### Exercise prompt
For every line in the records that has the word "amor", make a copy.

### The data
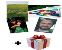
1918498 Politisch-literarisch- filmisches Weihnachtspaket, statt 74,99 für nur noch 31,00
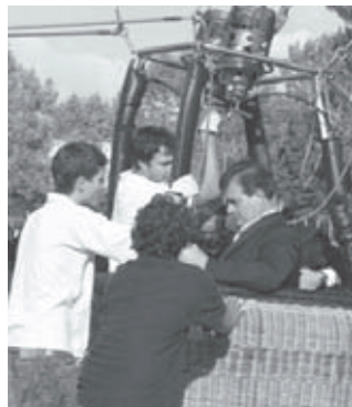
Il Presidente Polzella a bordo della mongolfiera per "volare sempre più in alto".

Quello che vogliamo sottolineare con forza è l'obiettivo che il Presidente si è proposto: non solo il rilancio della prima squadra verso la conquista di ambiziosi traguardi da raggiungere nel giro di due o tre anni ma l'impegno e l'interesse verso i giovani che, attraverso il calcio, interpretato in maniera seria e corretta, svolto in un ambiente "sano"
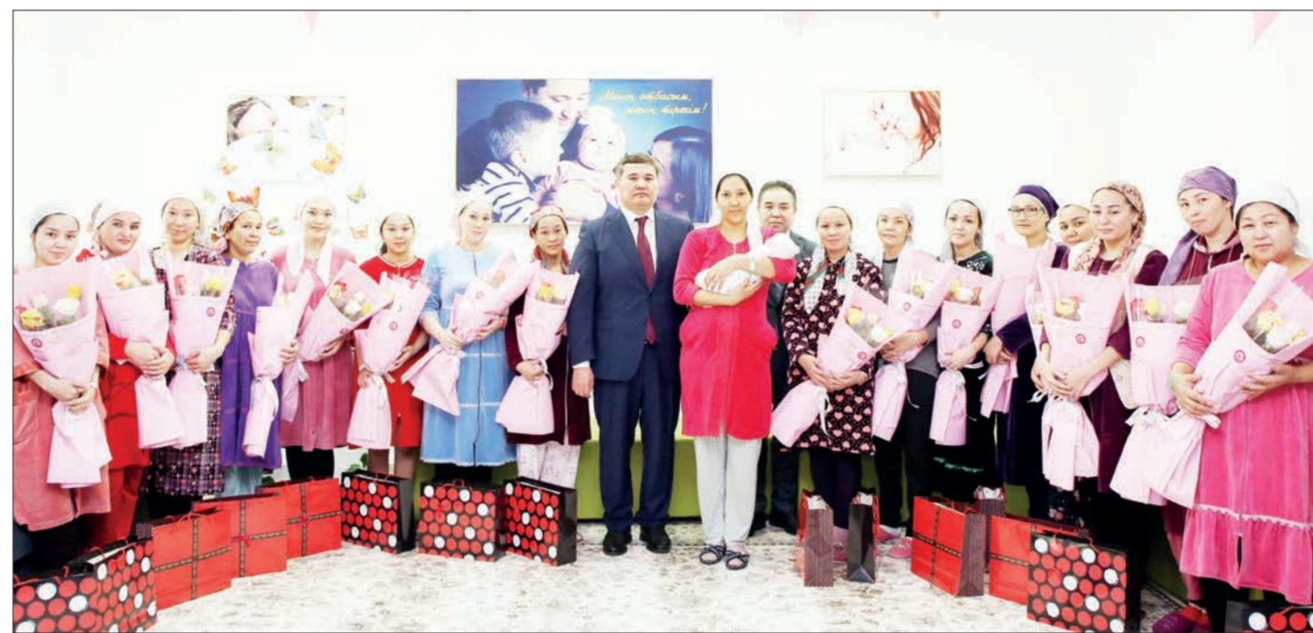
8 наурыз – Халықаралық әйелдер күні қарсаңында облыс әкімі Нұрлыбек Нәлібаев «Ана мен бала орталығы» және «Persona Medical» клиникасының қызметімен танысып, осы ұжымдарда қызмет ететін қыз-келіншектерді мерекелем құттықтады.

— Елімізде Президент тапсырмасымен ана мен баланың денсаулығын жақсарту үшін бірқатар жұмыстар атқарылуда. Кәсіпкер демеушілігімен облыс орталығында «Анаға тағзым» орталығының құрылысы салынуда. Көпбалалы отбасыларға көрсетілетін көмек мөлшері де жыл өткен сайын ұлғайып келеді.
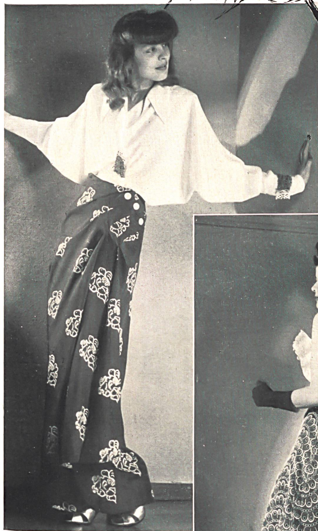
Tissages de soieries, ci-dev. Näf Frères S. A., Zurich.

Toile « Kiang-si » en fibranne, unie et imprimée.
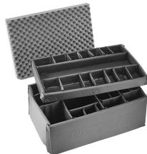
iM3075-DIV Cloison en mousse
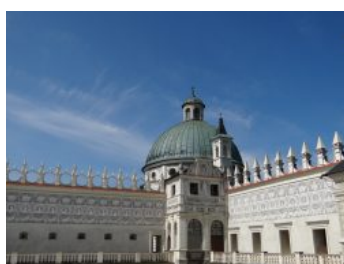
Zespół Zamkowy – Parkowy w Krasicy
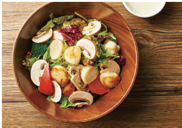
帆立貝柱と マッシュルームのサラダ
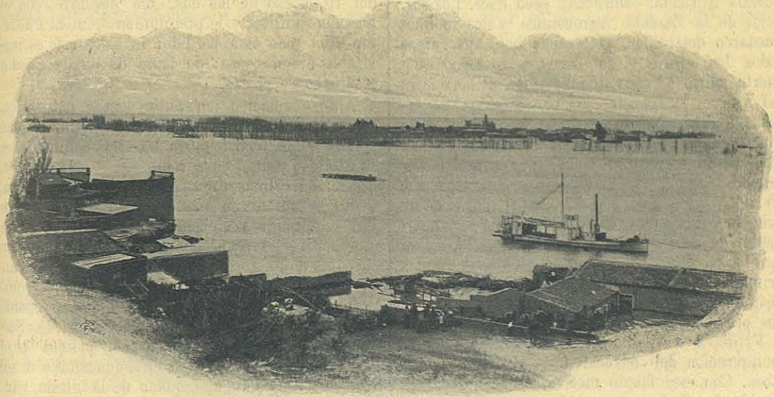
Viedma inundada. — 27 de Julio de 1899.

Estas noticias nos alegraron á todos, y quitaron á nuestro corazón el enorme peso que lo oprimía; el horizonte empezaba á despejarse, por lo que, aumentando nuestra confianza en Dios, continuamos con mayor ardor tomando providencias para prevenir ó aminorar en lo posible los peligros que nos amenazaban.
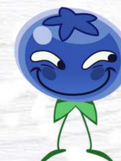
GLUE BARRY IL MIRTILLO APPICCICHINO
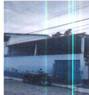
instalación de zócalo de todas las aulas , corredor y instalación de canal pluvial en pvc
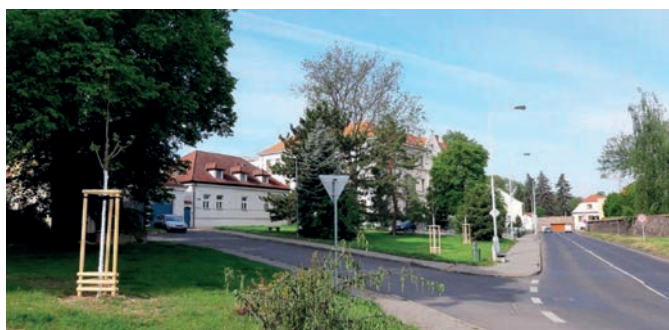
4x lípa velkolistá; 1x trnovník akát; 2x třešeň ptačí
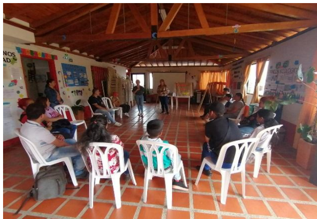
Figura 8 El tendedero de “acciones con amor”

Seguidamente, se les hace entrega de una hoja donde escribieron sus reflexiones o ideas sobre las acciones que van a realizar en su familia para fomentar una sana convivencia desde el amor y el respeto
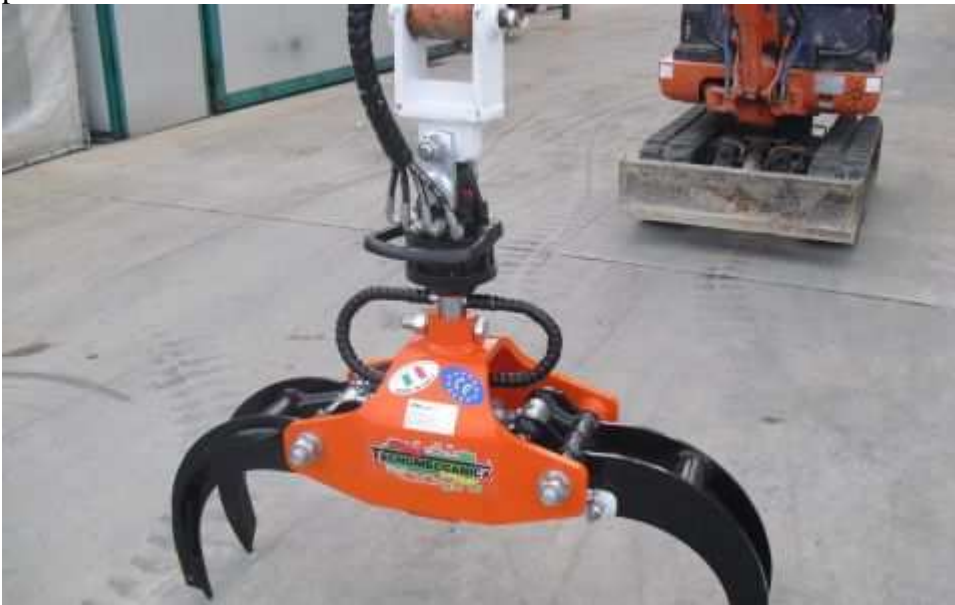
Grappin à bois -

### Answer to the problem
Figura 8 El tendedero de “acciones con amor”
Seguidamente, se les hace entrega de una hoja donde escribieron sus reflexiones o ideas sobre las acciones que van a realizar en su familia para fomentar una sana convivencia desde el amor y el respeto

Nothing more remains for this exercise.